TASK DESCRIPTION:
Please reproduce all entries word for word, leaving every image behind.

____________________

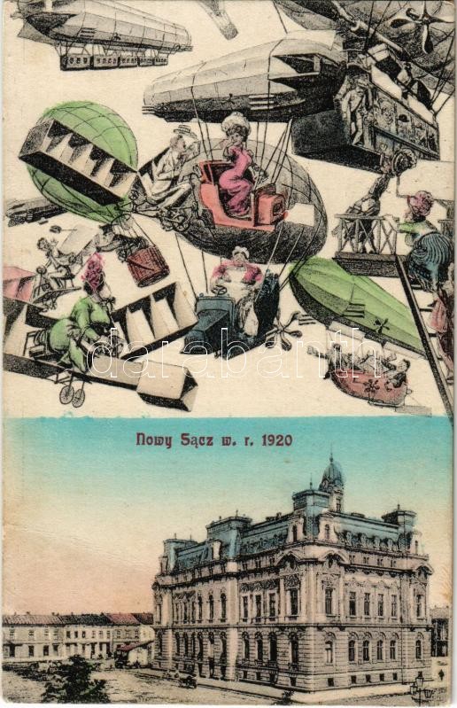 Beschreibung: 1914 Nowy Sacz, Nowego Sacza, Neu Sandez, Újszandec; a jövőben montázslap / Nowy Sacz w. r. 1920 / in the future montage postcard (EB)
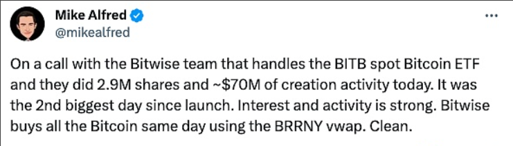 1月18日财经报道,Eaglebrook Advisors创始人Mike Alfred在社交媒体发文称,与负责BITB现货比特币ETF的Bitwise团队通了电话,他们今天发行了290万股,创造了约7000万美元的收益。这是推出以来第二大的交易日。兴趣和活动都很强烈。Bitwise使用BRRNY vwap在当天买入所有比特币。
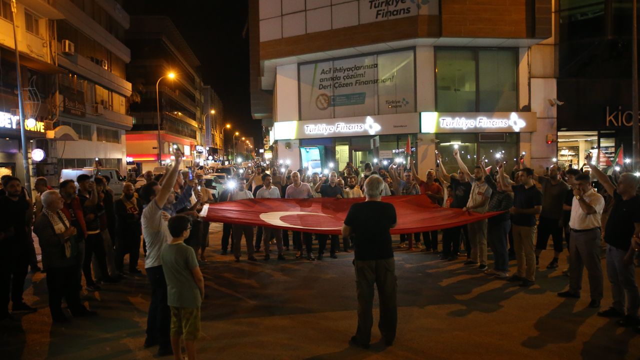 İskenderun ilçesi Savaş Mahallesi'nde toplanan grup, Türk ve Filistin bayrakları taşıdı, İsrail'e tepki gösterdi.
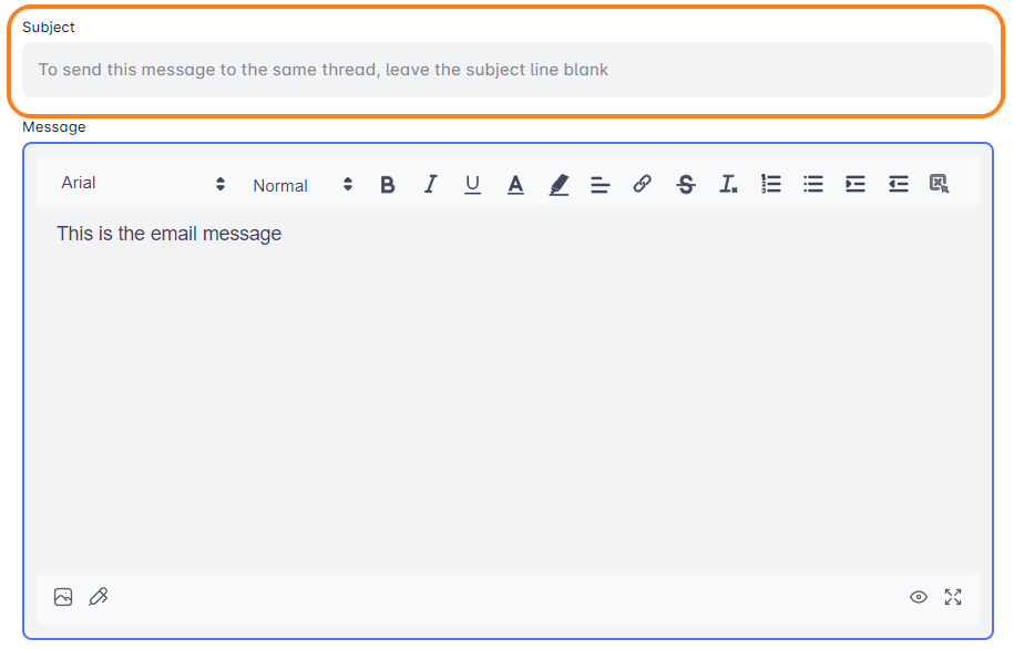 Si deseas enviar correos electrónicos en el mismo hilo, deja la línea de Asunto en blanco.
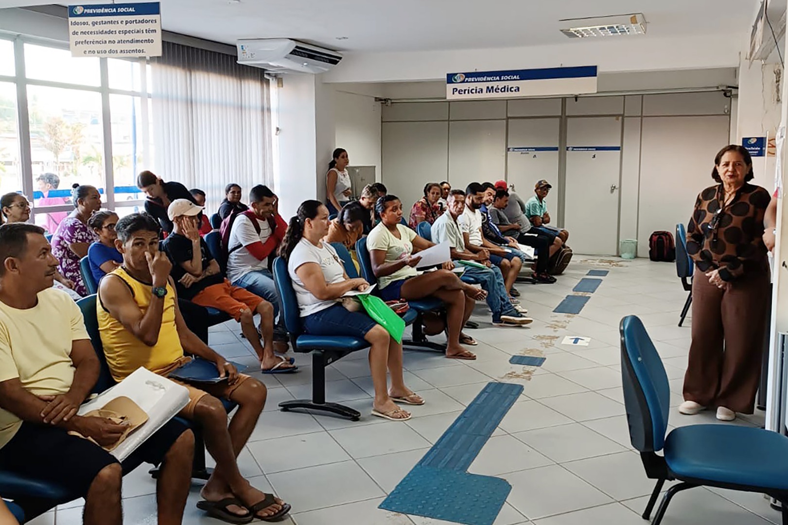 Descrição da imagem: Segurados do INSS aguardam atendimento durante mutirão de atendimento em Cruzeiro do Sul (AC). Foto: Secom/AC.
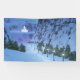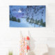 The sparkling snow-covered path is hemmed in by dark fir trees. On the far side of the cleft a translucent glowing fairy castle awaits the enchanted traveller on his journey to fairyland.

____________________

REPLY TO THE EXERCISE:
 Beschreibung: 1914 Nowy Sacz, Nowego Sacza, Neu Sandez, Újszandec; a jövőben montázslap / Nowy Sacz w. r. 1920 / in the future montage postcard (EB)
 1月18日财经报道,Eaglebrook Advisors创始人Mike Alfred在社交媒体发文称,与负责BITB现货比特币ETF的Bitwise团队通了电话,他们今天发行了290万股,创造了约7000万美元的收益。这是推出以来第二大的交易日。兴趣和活动都很强烈。Bitwise使用BRRNY vwap在当天买入所有比特币。
 İskenderun ilçesi Savaş Mahallesi'nde toplanan grup, Türk ve Filistin bayrakları taşıdı, İsrail'e tepki gösterdi.
 Si deseas enviar correos electrónicos en el mismo hilo, deja la línea de Asunto en blanco.
 Descrição da imagem: Segurados do INSS aguardam atendimento durante mutirão de atendimento em Cruzeiro do Sul (AC). Foto: Secom/AC.
 The sparkling snow-covered path is hemmed in by dark fir trees. On the far side of the cleft a translucent glowing fairy castle awaits the enchanted traveller on his journey to fairyland.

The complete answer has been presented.